コロナ禍の規制ばかりでどうしても家で映画を観る機会が増えました。それもこれまでは一人で韓流ドラマを観るのが楽しみだったのだけど、最近では家族揃ってリビングで観る機会がめっきり増えました。そこで、リビングで家族で観るのにちょうど良い長さであるであろう30分のショートムービーをオススメしたいと思います。
「隔たる世界の2人」 原題「Two Distant Strangers」*2
主人公はNYの売れっ子のグラフィックデザイナーで、ファッションもイケているオシャレな青年、履いているパンツはカルバン・クラインだったりします。ジーンという超かわいい従順な犬を溺愛していて、ドッグカメラの遠隔操作でエサを与えたり話しかけたり、ジーンが待っている彼のお部屋も素敵だった。街ですれ違う人たちにも丁寧に接するような好青年なんだけれど、黒人だというだけで白人警官から不当に扱われてしまうわけです。
SFというフィクションを設定ながら、映画の中で起こっている出来事が実際のあの事件を元にしていることがわかり、これは一切フィクションではないという恐怖を描いた政治的な作品ですが、映像の中にいろんな伏線があるようで、何度か見返して学んでみるのも良いかもしれない。
アカデミー賞授賞式のスピーチで監督2人が語っていた「人間ができる最も卑劣なこととは、他人の痛みに無関心であること」という言葉が、本作に長く横たわる痛みを通して重く深く心に残ります。人種差別を糾弾するようなテーマの作品を作り、黒人俳優が活躍する映画を作り、それらを映画を愛する国民の多くが支持するにも関わらず、現実が好転しない。

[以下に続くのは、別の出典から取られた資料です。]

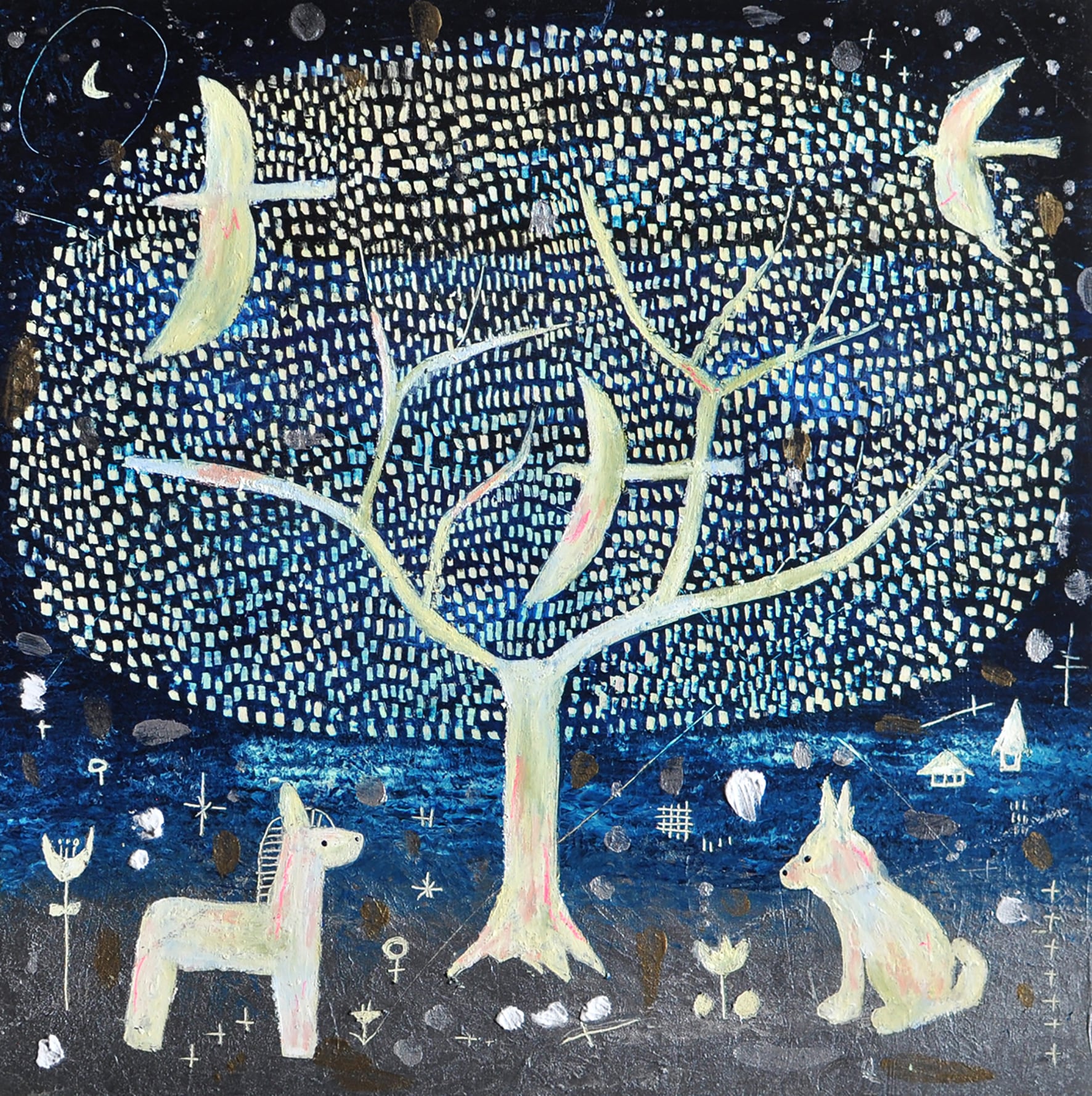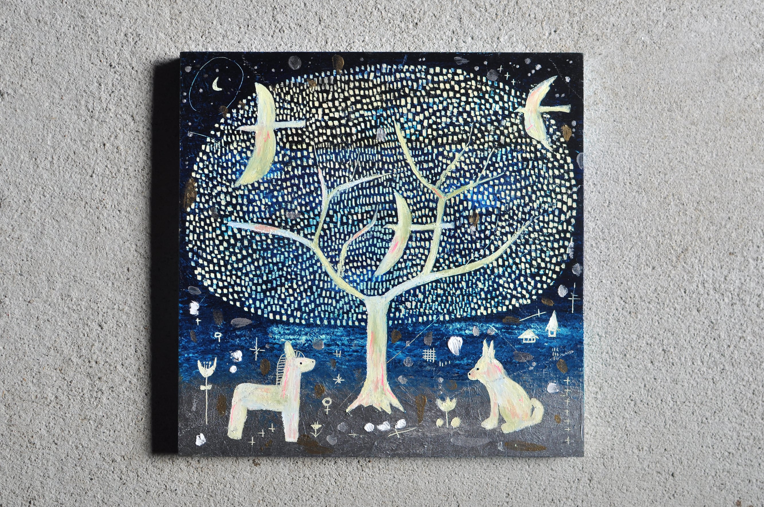使用画材:木製パネル、アクリルガッシュ、クレパス
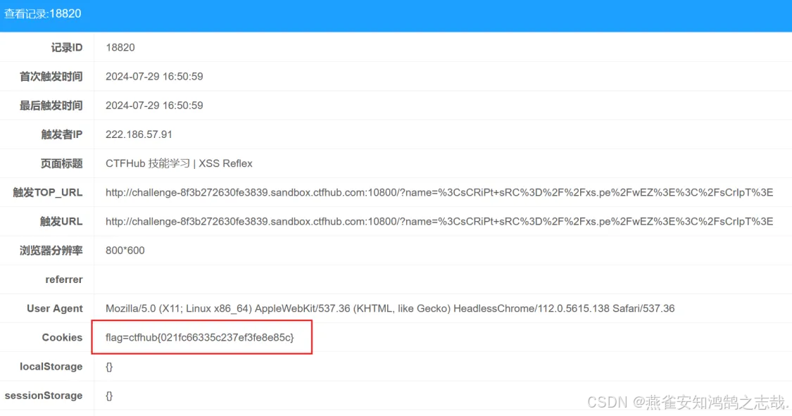再到 TLXSS 平台的项目页面查看 cookie 参数是否传到本地服务器中
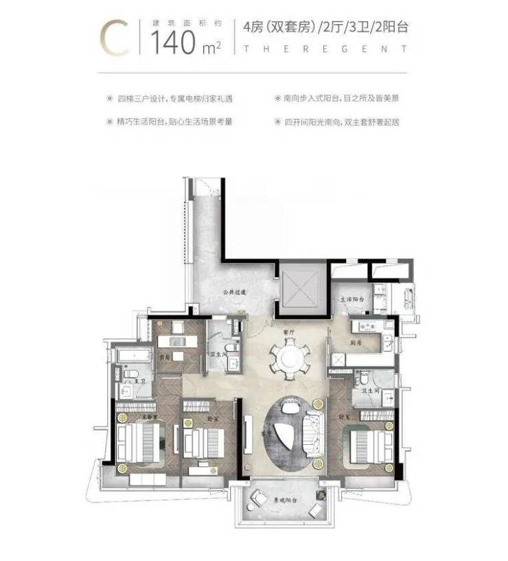 产品亮点:私家电梯入户、部分楼层三面采光、约3.4米层高、动静分区南北对流、约6.8米挑空餐客厅、中西双厨、四套房设计、部分房间带阳台设计
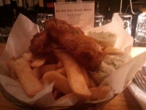 It was pretty good, the fish was moist and flaky and the chips were nice and chunky and it came in a basket which is so retro (although I expect accidently so). I am not sure what they were coated in but it was tasty. The tartar sauce was good to dip in, but the coleslaw was just wasted on me. Why does Fish and Chips need coleslaw anyway? I have never been given it in any Fish and Chip shop I have ever visited in England.
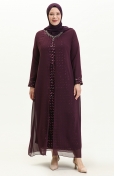Büyük Beden Payetli Abiye Elbise 2307-02 Mürdüm
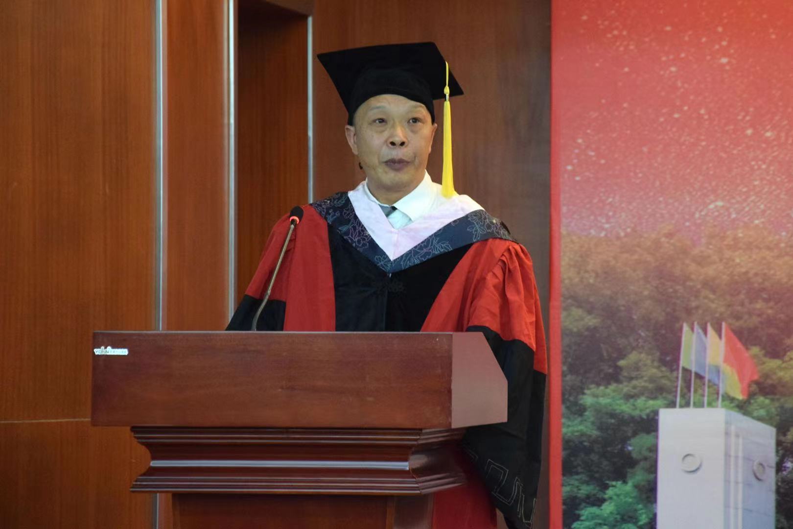 涂建军教授作为教师代表发言,表达了对毕业生的热烈祝贺和诚挚祝福,希望毕业生能够顺利度过人生的“断奶期”,保持开放的胸怀,拥有强大的判断力、坚定的意志力,勉励毕业生们作为敲响第二个百年启航钟声的毕业生,肩负起时代赋予的重任,努力奋斗,为青春增彩。

重く深いこの無力感を描くのにループという構造はぴったりで、これまでループものであれば、誰もがそこから抜け出す方法を考えてチャレンジするという展開になると思うけど、30分という短い時間の中でBLM運動について考えさせ、理想と現実の間には途方もない距離感があることを描いたうえで、強くて開けたエンディングで結ぶのが素晴らしかった。たった30分でここまでできたアイディアとセンスが凄いし素晴らしいと思った。
ああ、なんとしても愛犬ジーター と再会してほしい。